Por Valdeci Verdelho (Jornalista, fundador da Verdelho Comunicação, especialista em gestão de crise)
Crises sempre nos ensinam alguma coisa. O ataque do Hamas a Israel não é diferente. A forma como o país foi surpreendido pela ofensiva terrorista expôs falhas do seu onipotente serviço de inteligência. O que podemos aprender com elas para gestão de crises?
Israel construiu a imagem de possuir o serviço de inteligência mais admirado, respeitado e temido do mundo. De repente, o país foi surpreendido pelo ataque sem precedentes de um inimigo conhecido. A reputação de onipotência do serviço de inteligência foi manchada e o governo tem de administrar uma tragédia internacional que o jornal francês Le Monde chamou de o “11 de setembro de Israel”.
Um ataque como o que foi feito pelo grupo Hamas contra Israel na madrugada de 7 de outubro, incluindo ofensiva por ar, terra e mar, exige um longo planejamento, envolve várias frentes de treinamento, exercícios militares e especialistas em diversas áreas como, por exemplo, explosivos, telecomunicações, logística, suprimentos. Apesar disso, o Hamas conseguiu levar a operação sigilosamente até o fim, sem que o serviço de inteligência de Israel detectasse a ameaça. Dessa forma, Israel foi pego de surpresa, sem dispor de um plano para evitar a situação ou mitigar os danos, que começaram com centenas de pessoas assassinadas no seu território.
Mais uma vez a história mostra que sistemas de segurança fracassam, que nem sempre as coisas funcionam como deveriam, e daí surgem as crises, sejam em países ou em empresas. O ataque terrorista do Hamas a Israel na semana passada, a invasão ao Capitólio dos Estados Unidos, em janeiro de 2021, o rombo financeiro das Lojas Americanas ou a prática análoga à escravidão nas vinícolas Aurora, Garibaldi e Salton, no início deste ano, podem ter motivações bem diferentes, mas o que contribuiu para que ocorressem foram falhas, omissões, desvios de conduta, negligência, enfim, tudo que se recomenda evitar no gerenciamento de crise.

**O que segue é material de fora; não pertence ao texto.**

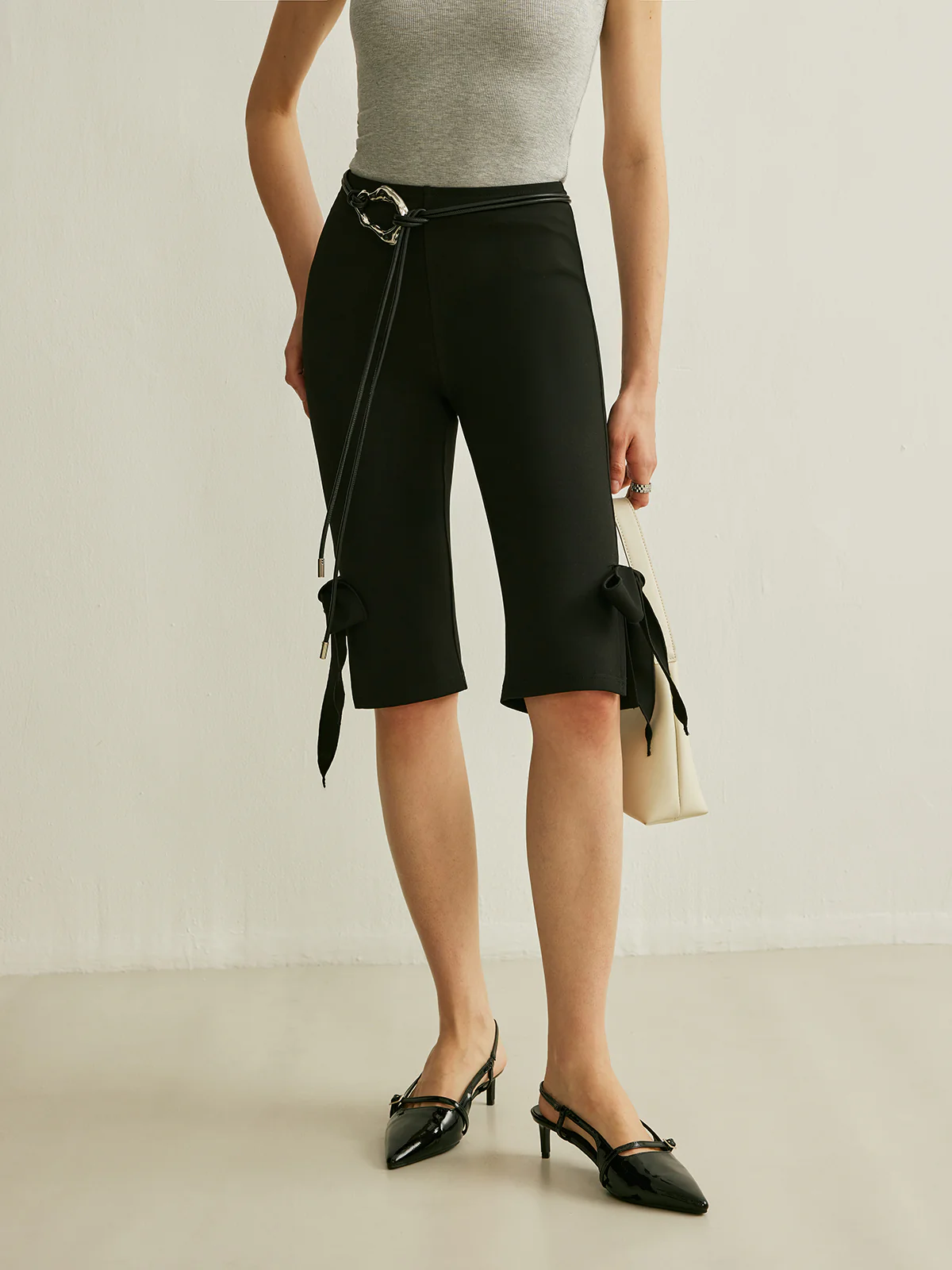 Bow Detail High-Waisted Capri Pants

De acordo com especialistas, serviços de inteligência costumam errar por falta de compartilhamento de informações; viés e preconceitos que impedem análise acurada, geram interpretações viciadas e distorcem percepções; presunção de invulnerabilidade; desqualificação dos riscos, superestimação da própria capacidade ou recursos; cultura complacente que inibe questionamentos.
Será que isto acontece, também, nas empresas?

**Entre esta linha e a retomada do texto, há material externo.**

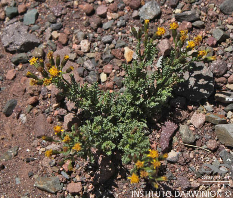 Sufrútices, densamente ramosos, de 10-20 cm de alto, glabros; tallos ascendentes, foliosos hasta el ápice. Hojas alternas, sésiles, pinnatisectas, raquis linear de 10-20 × 0,5-1 mm y 6-8 pares de segmentos agudos o subobtusos, 2-3-partidos, de 1-5 × 0,5 mm. Capítulos subdiscoides, largamente pedunculados, dispuestos de 2-4 en cimas corimbiformes en el ápice de las ramas. Involucro cilíndrico, de 10-11 × ca. 5 mm, brevemente caliculado; filarios 8-14, lineares, agudos, acuminados. Flores dimorfas, las del margen ca. 5, con corolas amarillas, liguladas y lígula de (2-)6-7 mm de largo o con corolas filiformes, ca. 3 mm de largo; las del centro ca. 15, con corolas amarillas, tuulosas, ca. 5,5 mm de largo, 5-lobadas. Aquenios cilindroides, de 4-5 mm de largo, densa y cortamente pilosos. Papus blanco de unos 6 mm de largo.

Crises sempre oferecem oportunidades de aprendizado. No caso do ataque do Hamas ao território israelense, a lição número um, apesar de uma obviedade a qual muitos executivos ainda resistem, é: ninguém está imune a crises. Elas acontecem, às vezes inesperadamente, inclusive para os mais poderosos ou os mais admirados. Neste exato momento tem alguém em alguma organização, grande ou pequena, em algum lugar do mundo enfrentando ameaças ou danos à reputação
A segunda lição é: histórico de competência e imagem de sucesso não representam, necessariamente, invulnerabilidade ou infalibilidade eternas. Ao contrário, podem gerar excesso de confiança e até arrogância, criando algum tipo de cegueira que contribui para falhas, impede compreensão da realidade e conduz a erros. Uma das perguntas que os especialistas em segurança têm feito é: como foi possível o Hamas montar um aparato terrorista em solo israelense sem ser detectado ou detido? Mesmo com todo o prestígio internacional alcançado com mais de sete décadas de atividades, o serviço de inteligência de Israel mostrou-se vulnerável
Finalmente, este fracasso deixa como aprendizado a necessidade de revisão, atualização e aprimoramento contínuos do gerenciamento de crise. Isto deve incluir os sistemas de apuração e análise das informações, o monitoramento das partes interessadas sem preconceitos ou vícios internos, a avaliação de cenários e ameaças sem presunção, a compreensão de realidades cada vez mais complexas, a humildade para reconhecer as outras forças, e a determinação para corrigir rumo quando necessário.
Este aprendizado é importante porque poucas empresas fazem isso regularmente de forma efetiva. Muitas limitam-se a ter algum manual de crise guardado (às vezes não se sabe onde) como um amuleto ao qual atribuem o poder de proteção para salvar a reputação. Outras, ainda pior, ignoram completamente o gerenciamento de crise na sua estratégia de negócio.
Com foco exclusivamente em gestão de crises, quais seriam as outras oportunidades de aprendizado a partir deste caso? Quais as falhas mais comuns das organizações que podem levá-las a um “11 de setembro”?